> _Task prompt_
Would you transcribe the whole listing exactly and drop its images?

(Data provided)

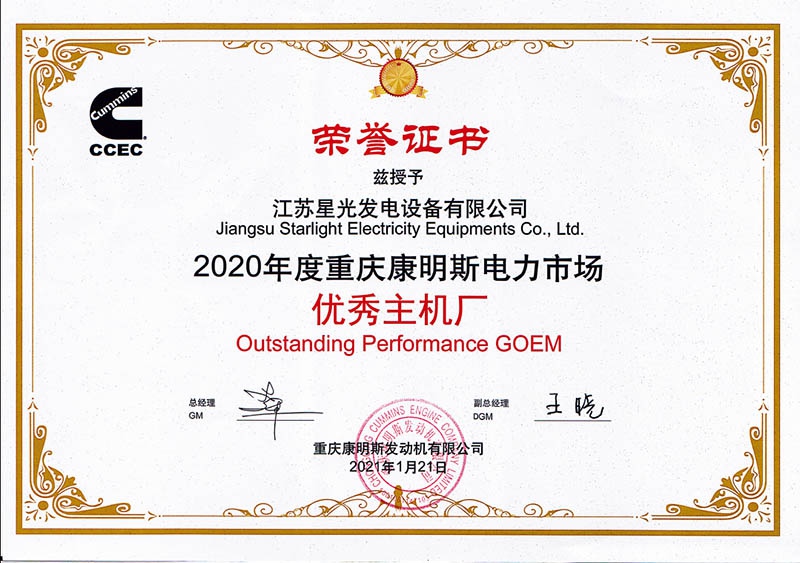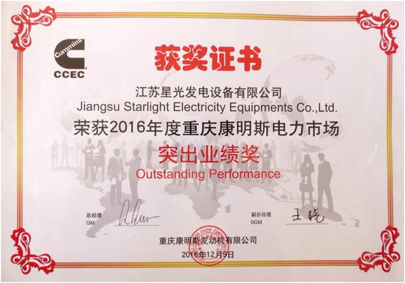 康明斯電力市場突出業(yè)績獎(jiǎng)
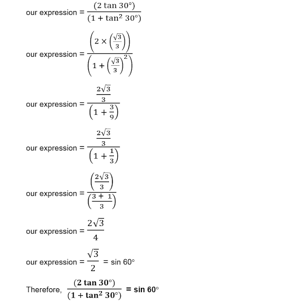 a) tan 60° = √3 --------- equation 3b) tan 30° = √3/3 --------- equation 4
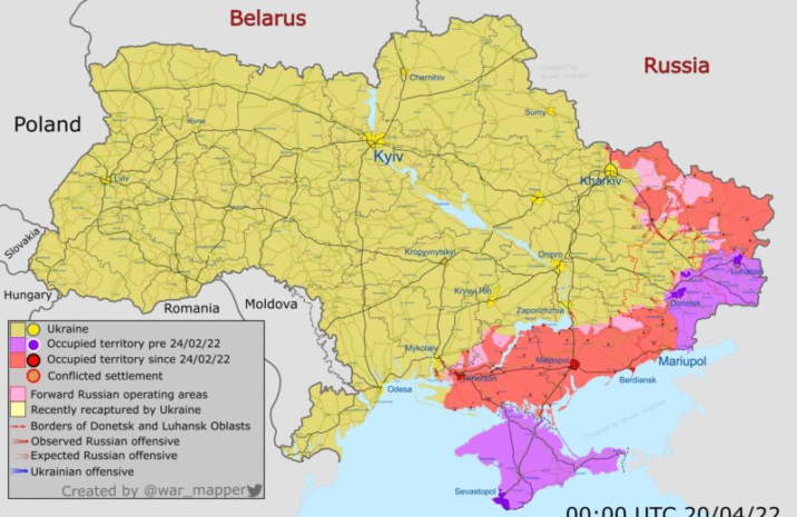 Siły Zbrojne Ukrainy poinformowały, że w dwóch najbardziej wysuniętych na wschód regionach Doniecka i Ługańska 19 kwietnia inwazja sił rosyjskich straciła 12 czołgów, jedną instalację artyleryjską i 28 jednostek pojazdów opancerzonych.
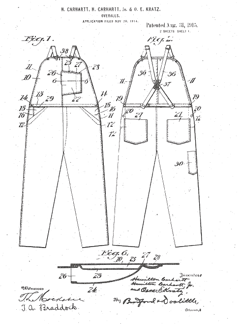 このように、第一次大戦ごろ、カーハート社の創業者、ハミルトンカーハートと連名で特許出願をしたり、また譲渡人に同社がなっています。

(End Data provided)

> _Task result_
 康明斯電力市場突出業(yè)績獎(jiǎng)
 a) tan 60° = √3 --------- equation 3b) tan 30° = √3/3 --------- equation 4
 Siły Zbrojne Ukrainy poinformowały, że w dwóch najbardziej wysuniętych na wschód regionach Doniecka i Ługańska 19 kwietnia inwazja sił rosyjskich straciła 12 czołgów, jedną instalację artyleryjską i 28 jednostek pojazdów opancerzonych.
 このように、第一次大戦ごろ、カーハート社の創業者、ハミルトンカーハートと連名で特許出願をしたり、また譲渡人に同社がなっています。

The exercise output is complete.